Shakes head, blinks again...

You. What?

That's so freaking ridiculous that I can't even bring myself to rant about it. But wait, it gets worse.
IBM wrote:For Excel 2007:
Click the Microsoft Office ButtonButton image, and then click Excel Options.
Click Popular, and then de-select the Show Developer tab in the Ribbon check box.

Note: If the TM1 ribbon is set to auto=load when launching Excel, setting it not to do that may also be a contributory factor in this issue. Logically, it should be possible to utilize the Developer tab when launching Excel without TM1. Then when TM1 is needed, simply launch TM1 directly from the tm1p.xla file or from Start > All Programs > IBM Cognos TM1.

The majority of users will not be developing and will not need the Developer option in Excel anyway.

IBM is, so far, unable to reproduce this issue in-house, so we have been unable to log a defect.
(My emphasis.)

Ahem. Let me point out a couple of relevant points.

First, one of the things that mildly p*sses me off about the post-2003 versions of Excel is that the Developer tab is not switched on by default.
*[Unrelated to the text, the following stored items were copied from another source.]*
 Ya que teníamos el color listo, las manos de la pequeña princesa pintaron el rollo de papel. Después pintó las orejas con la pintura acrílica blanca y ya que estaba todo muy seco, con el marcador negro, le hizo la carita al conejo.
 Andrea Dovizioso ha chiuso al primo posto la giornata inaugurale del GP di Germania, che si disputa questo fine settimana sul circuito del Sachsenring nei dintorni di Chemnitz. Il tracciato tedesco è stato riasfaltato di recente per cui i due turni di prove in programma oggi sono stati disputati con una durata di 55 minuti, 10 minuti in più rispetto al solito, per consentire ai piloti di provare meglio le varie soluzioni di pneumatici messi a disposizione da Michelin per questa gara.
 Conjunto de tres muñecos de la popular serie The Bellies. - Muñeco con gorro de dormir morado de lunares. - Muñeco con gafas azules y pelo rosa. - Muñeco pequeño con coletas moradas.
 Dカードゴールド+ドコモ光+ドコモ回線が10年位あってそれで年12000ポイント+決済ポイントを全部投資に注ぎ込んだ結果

It majorly p*ssed me off the first time I came across Excel 2007 and couldn't find where any of the VBA functionality was (even though I usually access most of the standard ones by keyboard, such as [Alt]+[F11] for the VBE), only to find that it was on the not-visible-by-default Developers tab. It has since become only a mild irritation in that I need to remember to turn it on every time I come across a new 2007+ installation.

So tell me, IBM, do you think, maybe, that in the majority of cases the only people who will have turned that tab on in the first place are the ones who do use the Developer option in Excel, hmm?
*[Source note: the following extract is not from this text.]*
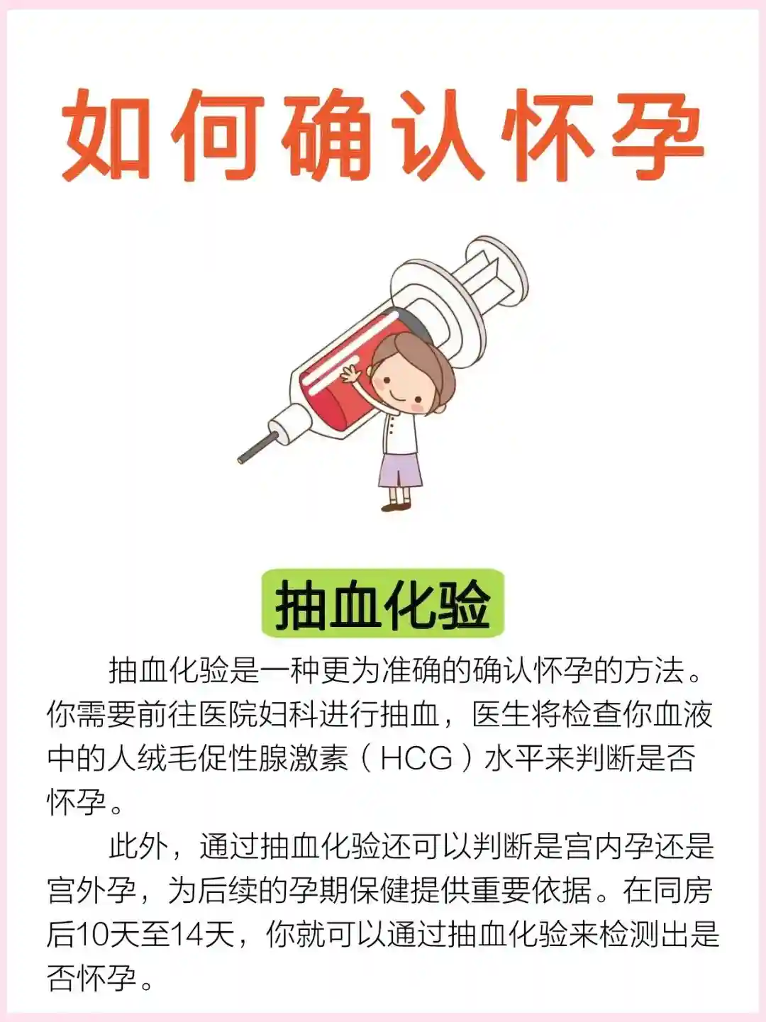 此外,通过抽血化验还可以判断是宫内孕还是宫外孕,为后续的孕期保健提供重要依据。在同房后10天至14天,你就可以通过抽血化验来检测出是否怀孕。

Secondly, given your stated inability to reproduce this in house, how exactly have you arrived at the conclusion that the Developer tab has the first flying connection to the problem? For you have offered no evidence, or even the reason for a wild guess, at a causal link.

Thirdly, have you considered that the possibility that this has less to do with Developer tabs and more to do with your borderline corporate OCD need to constantly redraw the TM1 ribbon tab to make it context sensitive, processing overhead bedamned, as discussed in this thread? Oh and incidentally, the first screenshot in that thread? Note the absence of a Developer tab in that Excel TM1 session that has no labels in it.

So maybe, wild, out of left field idea here, maaaaybe if you get your hand off it and leave it alone, draw the tab once and just throw error messages if someone selects an invalid item... maybe the labels won't be prone to disappear from time to time when something belches within the VBA environment while the tab is being redrawn?

Certainly beats telling people who have actively and consciously activated a ribbon tab that they don't really need it anyway.